"Well, I rather guess not!" cried Bob. "Think I'll refuse Fran's first request?" He sped upstairs, uncommonly light of foot.
"Now," whispered Fran wickedly, "let's run off and leave him."
"I'm with you!" Abbott whispered boyishly.
They burst from the building like a storm, Fran laughing musically, Abbott laughing joyously, Jakey laughing loudest of all. They sallied down the front walk under the artillery fire of hostile eyes from the green veranda. They continued merry. Jakey even swaggered, fancying himself a part of it; he regretted his short trousers.
When Robert Clinton overtook them, he was red and breathless, but Fran's beribboned hat was clutched triumphantly in his hand. It was he who first discovered the ambuscade.

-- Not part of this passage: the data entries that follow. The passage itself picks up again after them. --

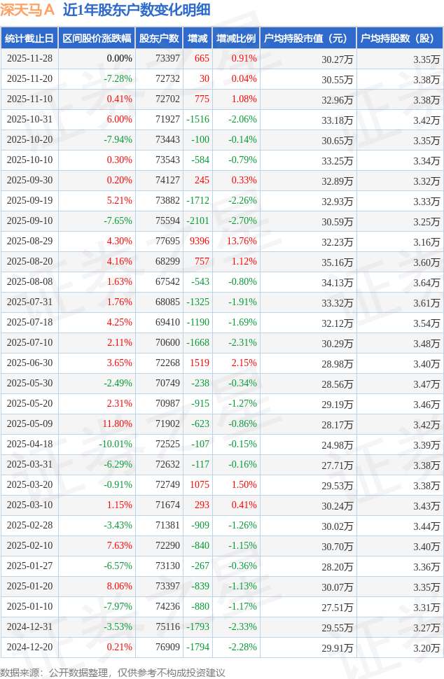 从股价来看,2025年11月20日至2025年11月28日,深天马A区间跌幅为0.0%,在此期间股东户数增加665.0户,增幅为0.91%。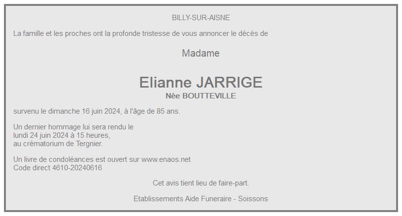 de Madame Elianne JARRIGE née BOUTTEVILLE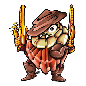 Pya – the Scorpion Ranger - Dwelling on the frontiers of nature, this scorpion gunslinger has felt the effects of pollution herself. Her pincers have been lost in an avalanche of trash, and her once potent poison is a mere drop-worth today. Despite these mere nuisances, her aim is as sharp as ever, and given one bullet, she will surely hit the target dead on.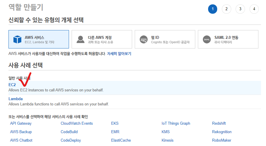 EC2에다가 SSM에서 접근 가능하도록 Role을 붙여주는거니까 EC2로 골라주자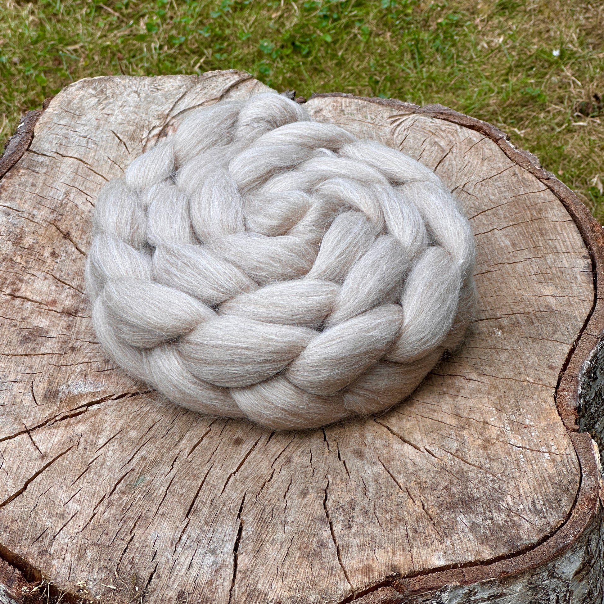 100 gram kammad ulltops i 60 % Haunui Wool som kommer från Taranui, en familjeägd gård i South Canterbury i Nya Zeeland. Blandad med 20% mullbärssilke och 20% vit Baby Alpaca. Ullen är mjuk som merino men med längre fibrer och en dröm att spinna.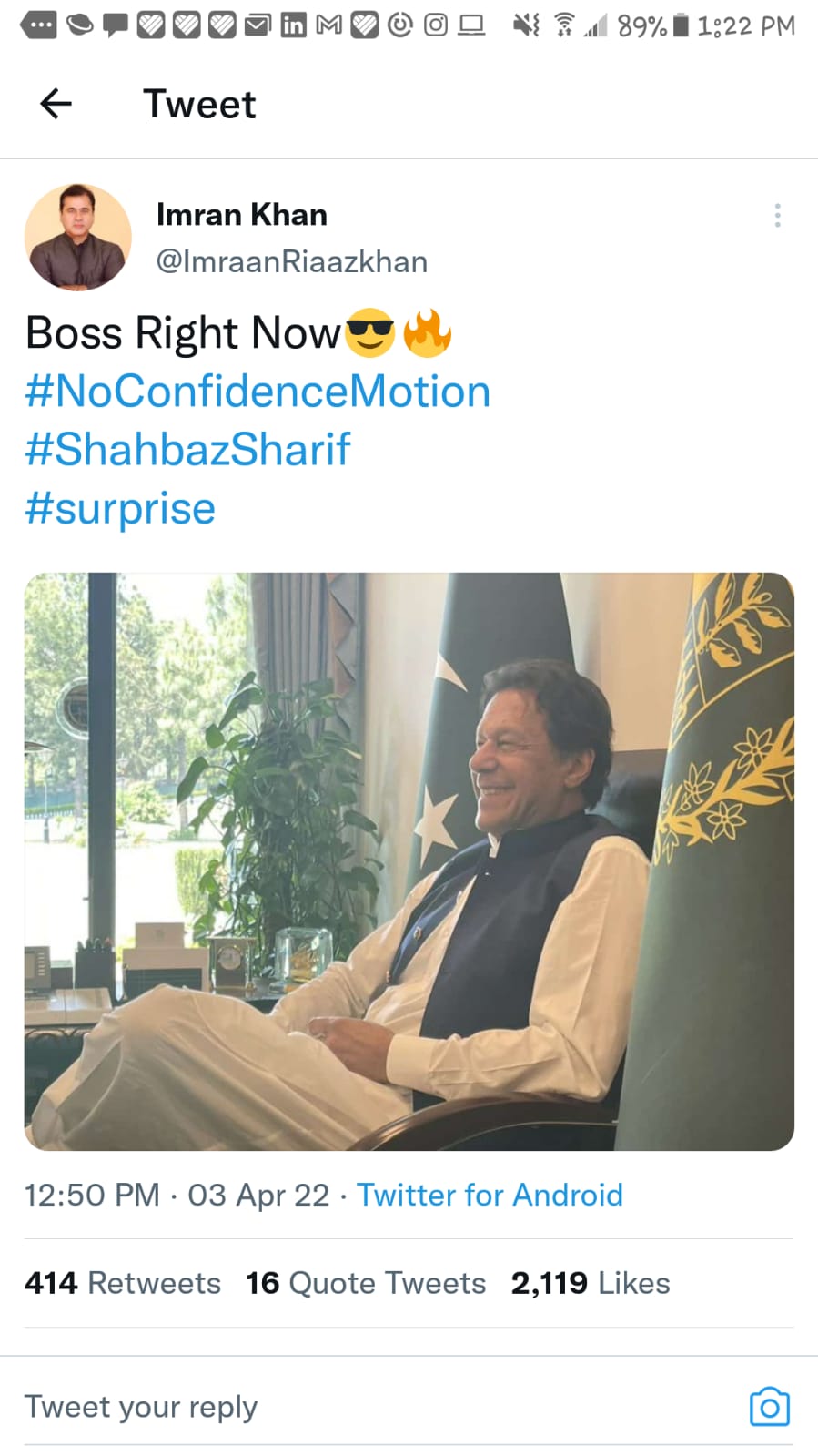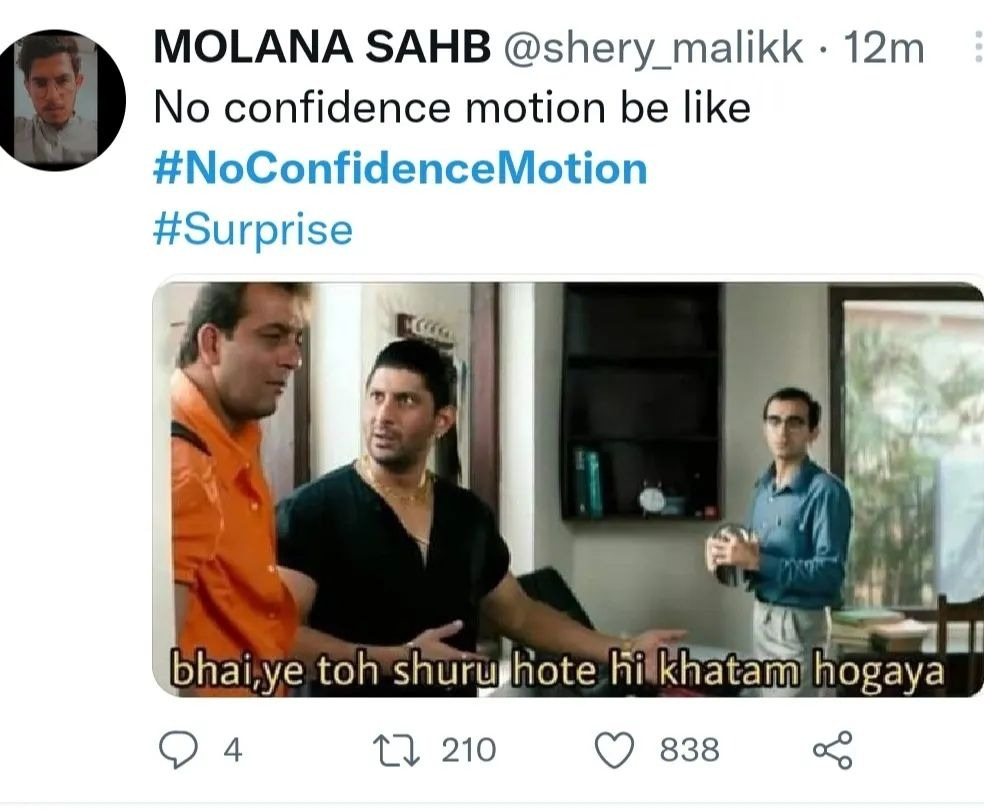 لیکن آج ڈپٹی اسپیکر قومی اسمبلی قاسم سوری نے اپوزیشن کی جانب سے وزیراعظم عمران خان کے خلاف پیش کی گئی تحریک عدم اعتماد کو آئین کے منافی قرار دیتے ہوئے مسترد کیا گیا اور قومی اسمبلی کا اجلاس ملتوی کر دیا جس کے بعد سوشل میڈیا پر میمز کا طوفان آگیا۔

He suddenly remembered, looked across the street, then fell, desperately wounded. The shots would have passed unheeded over Abbott's head, had not Fran called his attention to the ambuscade.
"It's a good thing," she said innocently, "that you're not holding my hand—" and she nodded toward the boarding-house. Abbott looked, and turned for one despairing glance at Bob; the latter was without sign of life.
"What shall we do?" inquired Fran, as they halted ridiculously. "If we run for it, it'll make things worse."
"Oh, Lord, yes!" groaned Bob; "don't make a bolt!"
Abbott pretended not to understand. "Come on, Fran, I shall go home with you." His fighting blood was up. In his face was no surrender, no, not even to Grace Noir. "Come," he persisted, with dignity.
"How jolly!" Fran exclaimed. "Shall we go through the grove?—that's the longest way."